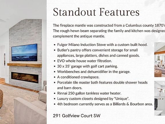 This stunning custom-built home, located on the 1st hole of the prestigious Lockwood Folly Golf Course, offers 2,700 sq ft of luxurious living space. Constructed with 2 x 6 framing, this house boasts light and airy features designed to illuminate the details and complemented by a beautiful outdoor seating area. The fireplace mantel is over a 100 years old, anchored by a rough-hewn beam that adds symmetry and charm. The kitchen is equipped with a Fulgor Milano induction stove, a Custom-built hood, Brizo kitchen faucets and an EVO whole-house water filtration system. A ''Thin Q LG'' Refrigerator that produces 'whiskey' ice cubes is a fun bonus. The flooring features 5'' engineered hardwood floors. The Custom window treatments are enhanced with extra-wide crown molding. The Split floor plan has an open concept, to display the spaciousness of the home. The Master Bath has a large porcelain tile shower with double shower heads and a master closet designed by ''Unique's,'' even the half-bath features elegant inlaid marble flooring. The Master BD, 2nd Bedroom, kitchen, family room and the outdoor covered porch offer panoramic views of the golf course. The 4th Bedroom is located upstairs, and currently used as a 'mancave' room, complete with a wet bar, but can easily be converted to a bedroom. The Garage is a 30 x 35 space with enough room for a golf cart, workbenches, and includes 2 oversized doors. The Outdoor shower, outdoor grill and Rinnai water heater are powered by an underground propane tank. *A generator could easily be added to the home using the propane tank. The Lockwood Folly POA & Country club with stunning views along the Lockwood Folly River & Intracoastal Waterway offers a pool, tennis & pickleball, a boat ramp, a fishing pier ,a pro shop, kayaking Plus RV & boat storage! This is a fantastic property that offers a unique blend of old Southern charm and modern luxury living for those who appreciate quality craftsmanship and beautiful surroundings. By Appt O
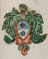 There are scrapbook elements in this collection of coats of arms of noble families of Ferrara. Each coat of arms includes a blank shield, floriate border, and helmet, likely produced from a limited set of woodblock templates. To this base, each family's crest is added above the helmet. The escutcheon may be drawn in a colored by hand, or finished with woodcut overlays. More hand coloring completes the coat of arms. The family name is inscribed below, sometimes with brief descriptions. Some shields remain blank, perhaps from lack of information. In 1689 another edition of this work was published: this time, printed entirely from woodcut, with no hand coloring or customization.
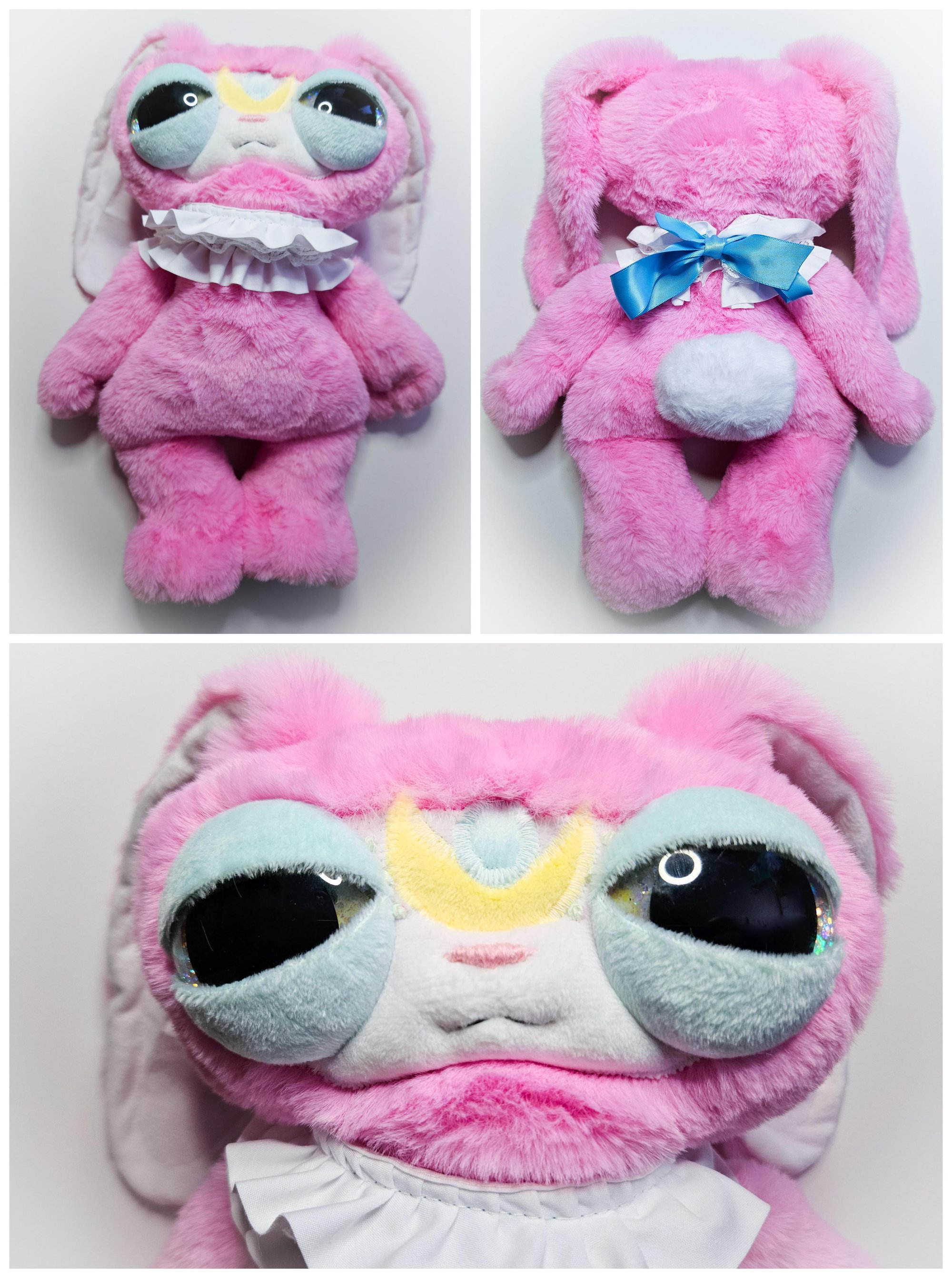 This is a one of a kind, original design, handmade art doll! Crafted with cuddle Minky and glow in the dark fabric. Stuffed with polyester stuffing and weighted with about 1/2lb glass microbeads! 14" from head to toe! Handpainted sparkle, glow in the dark, safety eyes used!
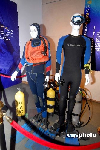 2008年10月20日,《南海驚夢(mèng)——“南海一號(hào)”》在杭州南宋官窯博物館臨時(shí)展廳正式展出。圖為打撈“南海一號(hào)”時(shí)考古人員使用過(guò)的潛水裝備。 中新社發(fā) 引煒 攝
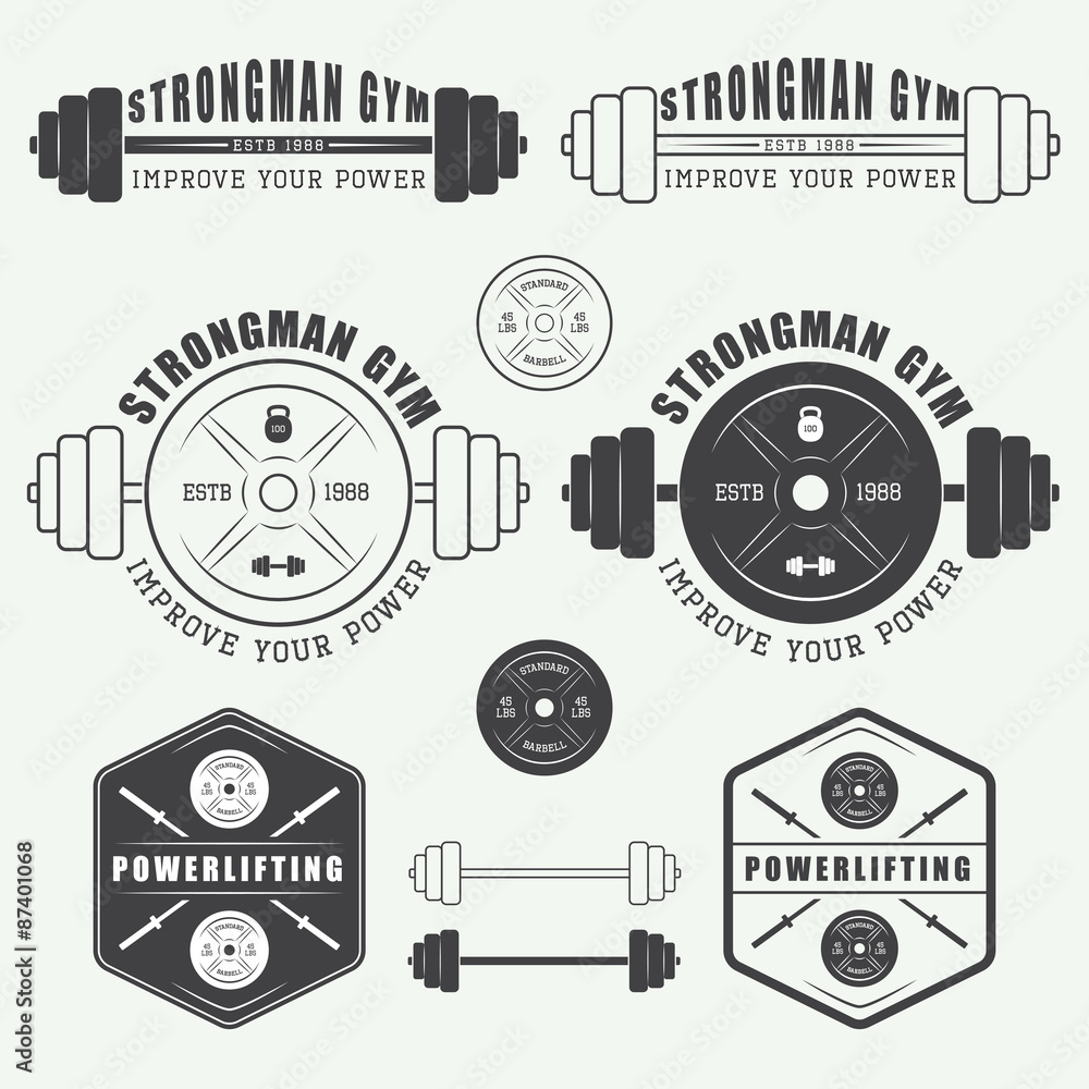 Samolepka Set of gym logo, labels,badges and elements in vintage style
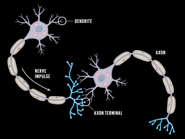 Cada neurona recibe las señales entrantes a través de estructuras en rama llamadas dendritas y dan su respuesta de salida a través de su largo axón. Si la combinación de señales entrantes hace que el voltaje de la neurona supere cierto umbral, se abren los canales iónicos que están situados a lo largo de todo el axón. En este video podemos ser ‘el impulso nervioso’ a través del axón:
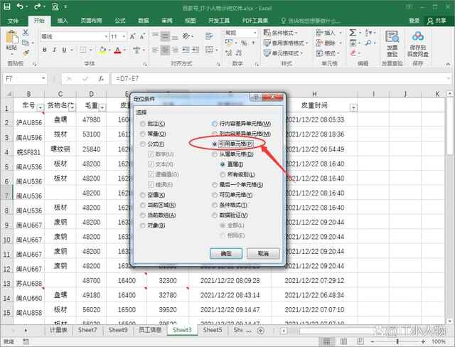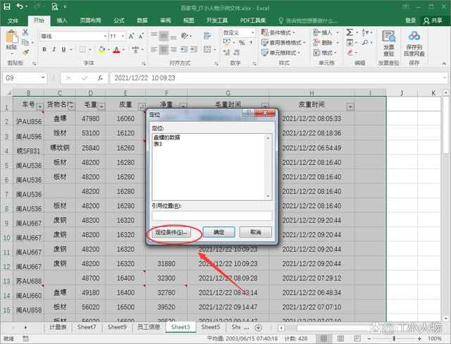 2、全部选中整个表格数据,按F5键,打开“定位”对话框,点击【定位条件】
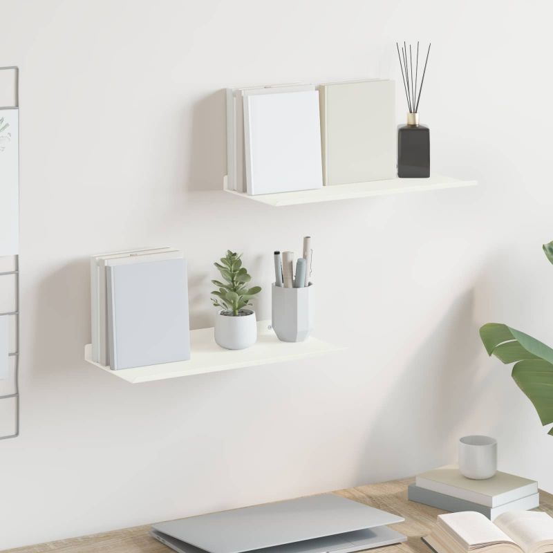 Стенен рафт с рафт със съхранение 2 pcs Бяло 40 x 18 x 2,5 см
───
Exactly what appears in the records above must be returned, apart from the pictures.

 This stunning custom-built home, located on the 1st hole of the prestigious Lockwood Folly Golf Course, offers 2,700 sq ft of luxurious living space. Constructed with 2 x 6 framing, this house boasts light and airy features designed to illuminate the details and complemented by a beautiful outdoor seating area. The fireplace mantel is over a 100 years old, anchored by a rough-hewn beam that adds symmetry and charm. The kitchen is equipped with a Fulgor Milano induction stove, a Custom-built hood, Brizo kitchen faucets and an EVO whole-house water filtration system. A ''Thin Q LG'' Refrigerator that produces 'whiskey' ice cubes is a fun bonus. The flooring features 5'' engineered hardwood floors. The Custom window treatments are enhanced with extra-wide crown molding. The Split floor plan has an open concept, to display the spaciousness of the home. The Master Bath has a large porcelain tile shower with double shower heads and a master closet designed by ''Unique's,'' even the half-bath features elegant inlaid marble flooring. The Master BD, 2nd Bedroom, kitchen, family room and the outdoor covered porch offer panoramic views of the golf course. The 4th Bedroom is located upstairs, and currently used as a 'mancave' room, complete with a wet bar, but can easily be converted to a bedroom. The Garage is a 30 x 35 space with enough room for a golf cart, workbenches, and includes 2 oversized doors. The Outdoor shower, outdoor grill and Rinnai water heater are powered by an underground propane tank. *A generator could easily be added to the home using the propane tank. The Lockwood Folly POA & Country club with stunning views along the Lockwood Folly River & Intracoastal Waterway offers a pool, tennis & pickleball, a boat ramp, a fishing pier ,a pro shop, kayaking Plus RV & boat storage! This is a fantastic property that offers a unique blend of old Southern charm and modern luxury living for those who appreciate quality craftsmanship and beautiful surroundings. By Appt O
 There are scrapbook elements in this collection of coats of arms of noble families of Ferrara. Each coat of arms includes a blank shield, floriate border, and helmet, likely produced from a limited set of woodblock templates. To this base, each family's crest is added above the helmet. The escutcheon may be drawn in a colored by hand, or finished with woodcut overlays. More hand coloring completes the coat of arms. The family name is inscribed below, sometimes with brief descriptions. Some shields remain blank, perhaps from lack of information. In 1689 another edition of this work was published: this time, printed entirely from woodcut, with no hand coloring or customization.
 This is a one of a kind, original design, handmade art doll! Crafted with cuddle Minky and glow in the dark fabric. Stuffed with polyester stuffing and weighted with about 1/2lb glass microbeads! 14" from head to toe! Handpainted sparkle, glow in the dark, safety eyes used!
 2008年10月20日,《南海驚夢(mèng)——“南海一號(hào)”》在杭州南宋官窯博物館臨時(shí)展廳正式展出。圖為打撈“南海一號(hào)”時(shí)考古人員使用過(guò)的潛水裝備。 中新社發(fā) 引煒 攝
 Samolepka Set of gym logo, labels,badges and elements in vintage style
 Cada neurona recibe las señales entrantes a través de estructuras en rama llamadas dendritas y dan su respuesta de salida a través de su largo axón. Si la combinación de señales entrantes hace que el voltaje de la neurona supere cierto umbral, se abren los canales iónicos que están situados a lo largo de todo el axón. En este video podemos ser ‘el impulso nervioso’ a través del axón:
 2、全部选中整个表格数据,按F5键,打开“定位”对话框,点击【定位条件】
 Стенен рафт с рафт със съхранение 2 pcs Бяло 40 x 18 x 2,5 см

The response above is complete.